Trump is a convicted criminal with a lifelong habit of lying. Far from sacrificing, he has used his office to enrich himself and his family, reward people who flatter him, and massage his narcissistic ego by exercising whatever power he can grab, no matter how unconstitutional.
I’m very disappointed to see so many Americans still so enamored of his celebrity and inherited wealth that they can’t perceive reality. Voters who’ve convinced themselves that Trump shares their values will sooner or later be sorely disappointed or forced further into denial.
Thank you, J. L. Bell.
If you are looking for more on Trump's take on Revolutionary War history, try the White House's America 250 video "The Shot Heard Round the World", at: https://www.youtube.com/watch?v=CawTnediEuU&t=675s
This video, a fairly simple telling of the day's events, is not as factually flawed as his April 19th proclamation. The fighting on Lexington Common is described as a skirmish, rather than ambush. Like many accounts though, it stereotypes the British column that day as "rather mechanical", and "outmaneuvered at every turn" on the retreat to Boston.
It also provides some insight (perhaps unintentionally) on Trump's world view. Early on it explains the stand taken by the Lexington company to not fire unless fired upon with a quote from Sam Adams that it is important to put your enemy in the wrong, including in politics.
The second half of the video focuses on "historical memory" and uses Longfellow's poem on Paul Revere to explain why the events April 19, 1775, are important, and need to be remembered. In what can only be described as an unlimited capacity for a lack of self-awareness, the video concludes with a warning that in times of peril it is in the American character to respond to darkness, and "what was done before can be done again".
Thank you for sharing the link to that video. As you saw, the one talking head in the entire video is a professor at Hillsdale College, a conservative Christian college. It has issued a “Hillsdale 1776 Curriculum” and was deeply involved in the 1776 Commission. The American Historical Association and 33 other historical societies criticized that commission’s report as lacking input from scholars of American history, full of errors, and propagandistically partisan.
Just a reminder: You can send in comments making political claims with no historical content. But you should take those comments seriously enough to stand behind them and identity yourself in some way. If you make political statements completely anonymously, I don’t perceive you as making those claims seriously, so I don’t share them with the world.

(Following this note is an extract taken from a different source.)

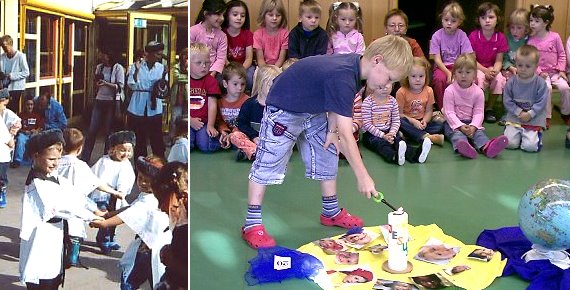 Das Bilderbuch "Die bunte Flaschenpost" faszinierte die Kinder so sehr, dass man es als Grundlage für den "Kindergarten-Weltkindertag" einsetzte. Die Geschichte handelt von einem Jungen, der mit seinem Vater auf einer kleinen Insel lebt, sich oft sehr einsam fühlt und sich nichts sehnlicher wünscht als einen Freund. Da kommt ihm eine Idee: Er schreibt in seiner schönsten Schrift: "Wer will mein Freund sein?" Seinen Brief schickt er als Flaschenpost auf die Welt-Meeresreise. Die Flasche schwimmt nach Afrika, Italien, Russland, Türkei und Deutschland, und überall findet der Inseljunge Freunde, die sich auf das Blatt dazu malen und die Flaschenpost wieder weit ins Meer werfen. Und die Flasche kommt tatsächlich wieder bei Simon auf der kleinen Insel an. Der ist außer sich vor Freude, denn nun ist er nicht mehr allein. Er hat Freunde auf der ganzen Welt.

I'd attend a Healthy Living seminar hosted by Keith Richards before I 'd invest an ounce of belief in the Narcissist-In-Chief's take on the Declaration of Independence.
After following Mr. Bell’s “Boston 1775” column for years and being very aware of his painstaking research, and thorough scholarship, it’s a welcome thing indeed to see his links of 1775 to 2025. History is a continuum and not some isolated incident of the past unconnected to our present lives. It’s especially important, in this country’s present circumstance, to closely consider the voices of those early struggling years when this country’s government was formed, and that, despite flawed and intolerant detours, the progress on this path to the present day has always been toward the ideals set forth clearly in its founding documents, and then enhanced and corrected over time by succeeding generations.
To see the present administration’s utter and criminal ignorance of this country’s history and its actions to systematically break down the institutions and structures that keep its people and country safe, is alarming and is certainly worthy of a careful examination and comparison with this country’s founding which is what this page is certainly doing and, as such, it's of great service for all who take an interest in our country’s history and value the lives and wellbeing of all who live here.